• _What you need to do_
Would you please copy all of the data exactly, skipping the images?

• _Given data_
[Start of Attachment]

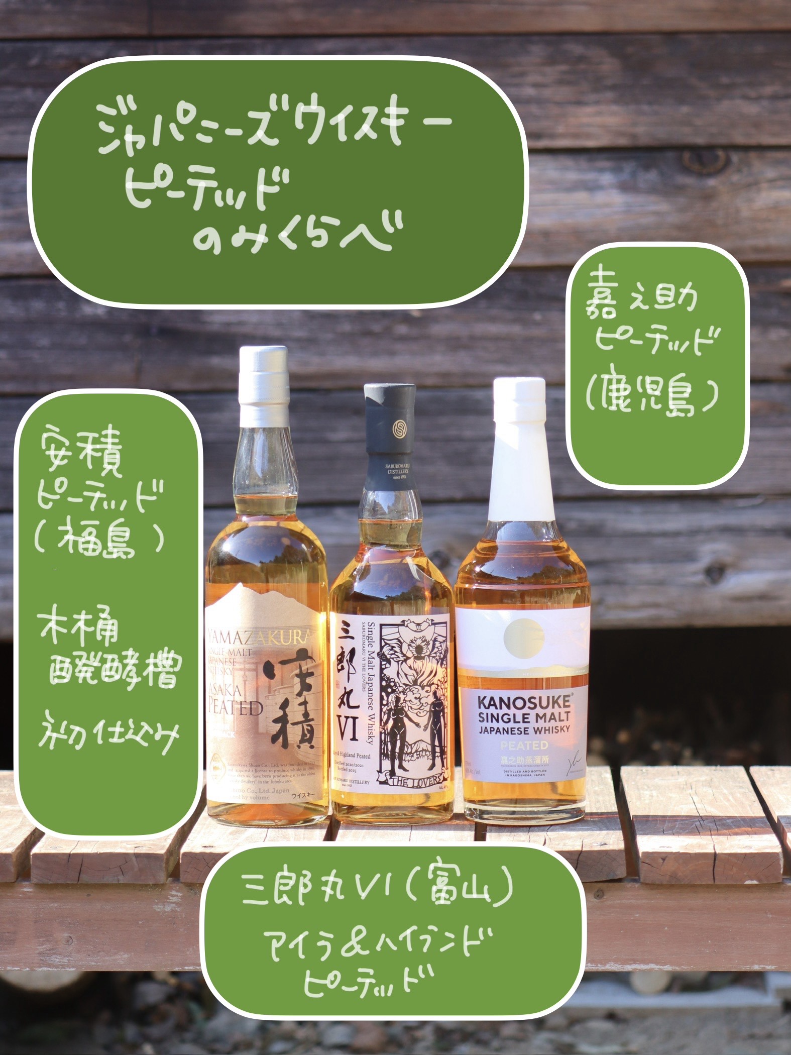 3月の新入荷 2026/3/17 ピート強めなジャパニーズウイスキー飲み比べ。 三郎丸は、白い花、メープルシロップのような香りがあり、 ほどよく酸味もありバランスよし。 安積は、木桶醗酵由来なのか、乳酸感が少しあり。 ヨードが気持ち強め、そしてスモーキー。 嘉乃助は、バーボンのような強めの甘みが特徴的。 そしてスモーキー。 3種それぞれ個性あり。 店内ボトルどれでも一杯500円。
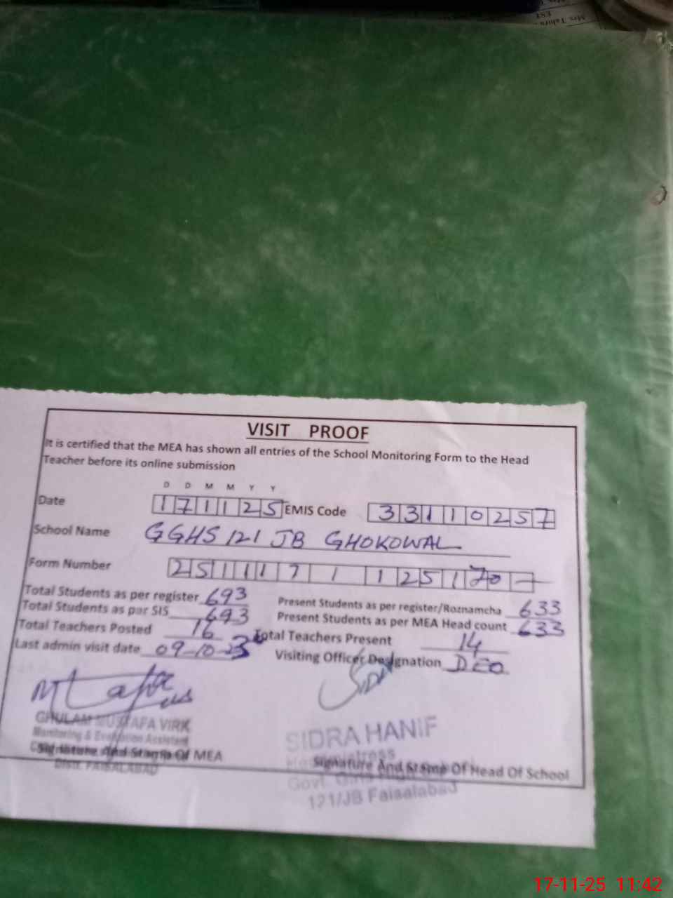 | Attendance Register | Head Teacher | MEA with School | Visit Proof |
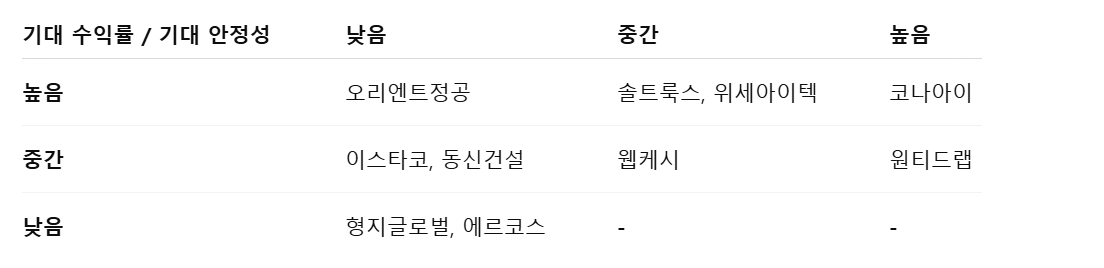 🔎 오른쪽으로 갈수록 안정성 ↑, 위로 갈수록 기대 수익률 ↑

[End of Attachment]

• _Response_
 3月の新入荷 2026/3/17 ピート強めなジャパニーズウイスキー飲み比べ。 三郎丸は、白い花、メープルシロップのような香りがあり、 ほどよく酸味もありバランスよし。 安積は、木桶醗酵由来なのか、乳酸感が少しあり。 ヨードが気持ち強め、そしてスモーキー。 嘉乃助は、バーボンのような強めの甘みが特徴的。 そしてスモーキー。 3種それぞれ個性あり。 店内ボトルどれでも一杯500円。
 | Attendance Register | Head Teacher | MEA with School | Visit Proof |
 🔎 오른쪽으로 갈수록 안정성 ↑, 위로 갈수록 기대 수익률 ↑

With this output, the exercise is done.